Barnacles
Play References:
[Caliban]
We shall lose our time
And all be turn'd to Barnacles.
The Tempest, act iv, sc. 1
Garden group discussion on Shakespeare’s use of plant:
Botanical Name(s) of varieties common in Shakespeare’s England:
Chthamalus stellatus
Description:
Barnacles are members of the Animal kingdom, specifically arthropods. They are related to crabs and lobsters, with similar larvae. Barnacles are exclusively marine invertebrates; many species live in shallow and tidal waters. Some 2,100 species have been described.
In folklore, barnacle geese were once held to emerge fully formed from goose barnacles.
The word "barnacle" is attested in the early 13th century as Middle English "bernekke" or "bernake", close to Old French "bernaque" and medieval Latin bernacae or berneka, denoting the barnacle goose. Because the full life cycles of both barnacles and geese were unknown at the time, (geese spend their breeding seasons in the Arctic) a folktale emerged that geese hatched from barnacles. It was not applied strictly to the arthropod until the 1580s. The ultimate meaning of the word is unknown.
Most barnacles are encrusters, attaching themselves to a hard substrate such as a rock, the shell of a mollusc, or a ship; or to an animal such as a whale (whale barnacles). The most common form, acorn barnacles, are sessile, growing their shells directly onto the substrate, whereas goose barnacles attach themselves by means of a stalk. (credit: Wikipedia)
Garden Use:
None
Exerpt from Ellacombe:
BARNACLES
It may seem absurd to include Barnacles among plants; but in the time of Shakespeare the Barnacle tree was firmly believed in, and Gerard gives a plate of "the Goose tree, Barnacle tree, or the tree bearing Geese," and says that he declares "what our eies have seene, and our hands have touched."

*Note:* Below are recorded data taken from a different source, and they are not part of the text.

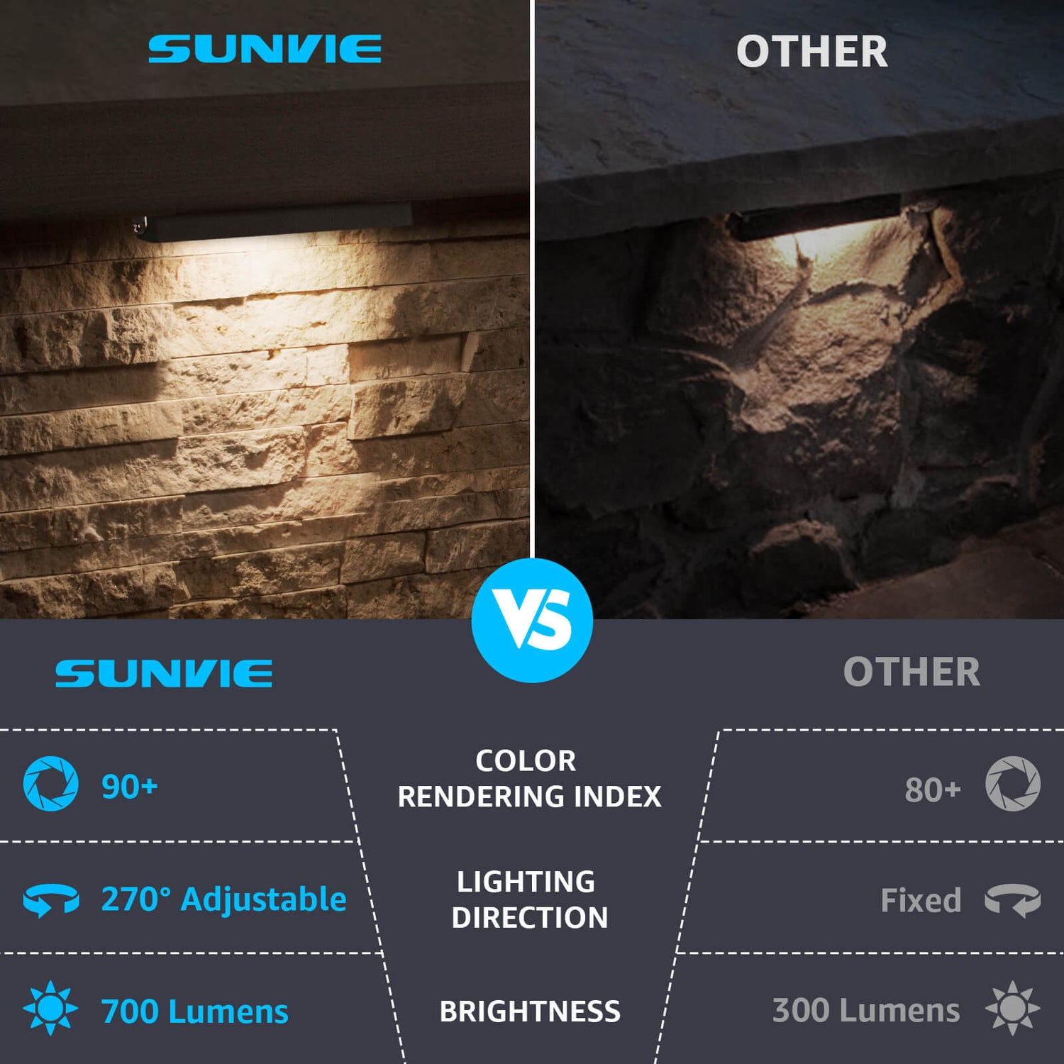 Enhance your landscape with SUNVIE's 12-pack low-voltage retaining wall lights, designed to provide bright, energy-efficient lighting along walls, steps, and pathways. Featuring 270° adjustable heads and high-quality 5W LEDs, these lights offer 500 lumens of 2700K warm white illumination with CRI 90+ for vibrant, natural-looking light.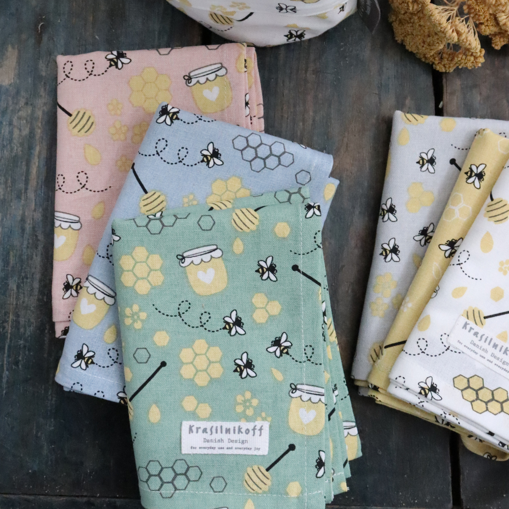 The Krasilnikoff tea towels for everyday use and everyday joy. They are available in many beautiful patterns, colours and designs. They can be mixed and matched with a large selection of porcelain, zinc products and other textiles. To reduce wrinkles and increase the absorbency factor of your tea towels, soak them in cold water for 24 hours before the first wash.
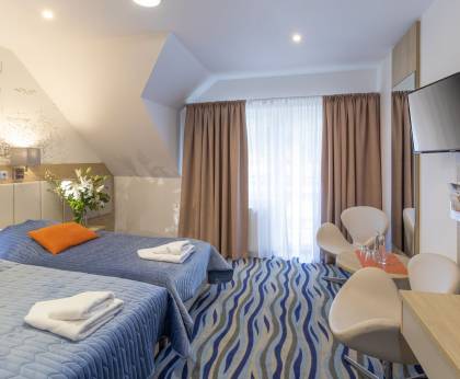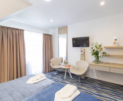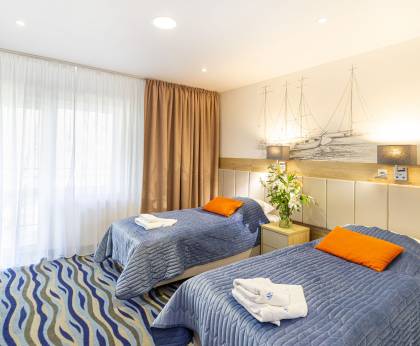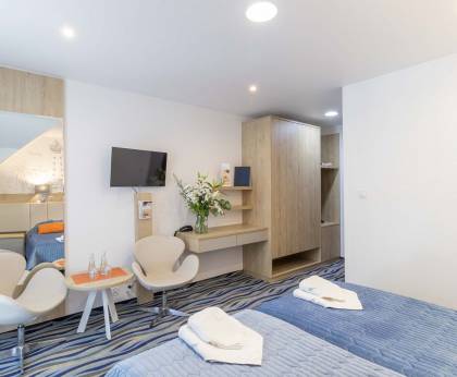 Das Ferienhaus Bagiñscy SPA besitzt ein breites Unterkunftsangebot. Wir können gleichzeitig 175 Personen in Zwei- und Dreibettzimmern unterbringen. Unser Hotel verfügt über 60 geräumige Zimmer, die sich auf drei Stockwerken verteilen. Alle Zimmer sind Nichtraucherzimmer.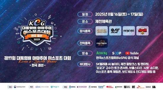 (엑스포츠뉴스 유희은 기자) 한국e스포츠협회(이하 협회)는 ‘제17회 대통령배 아마추어 이스포츠 대회’(이하 대통령배 KeG) 전국 결선이 오는 8월 16일(토), 17일(일) 양일간 충북 제천에 위치한 제천체육관에서 개최된다고 11일(월) 밝혔다.

A full account of the fable will be found in Harting's "Ornithology of Shakespeare," p. 247, and an excellent account in Lee's "Sea Fables Explained" (Fisheries Exhibition handbooks), p. 98. But neither of these writers have quoted the testimony of Sir John Mandeville, which is, however, well worth notice. When he was told in "Caldilhe" of a tree that bore "a lytylle Best in Flessche in Bon and Blode as though it were a lytylle Lomb, withouten Wolle," he did not refuse to believe them, for he says, "I tolde hem of als gret a marveylle to hem that is amonges us; and that was of the Bernakes. For I tolde hem, that in our Contree weren Trees, that beren a Fruyt, that becomen Briddes fleeynge; and tho that fallen in the Water lyven, and thei that fallen on the Erthe dyen anon; and thei ben right gode to mannes mete. And here of had thei als gret marvaylle that sume of hem trowed, it were an impossible thing to be" ("Voiage and Travaille," c. xxvi.).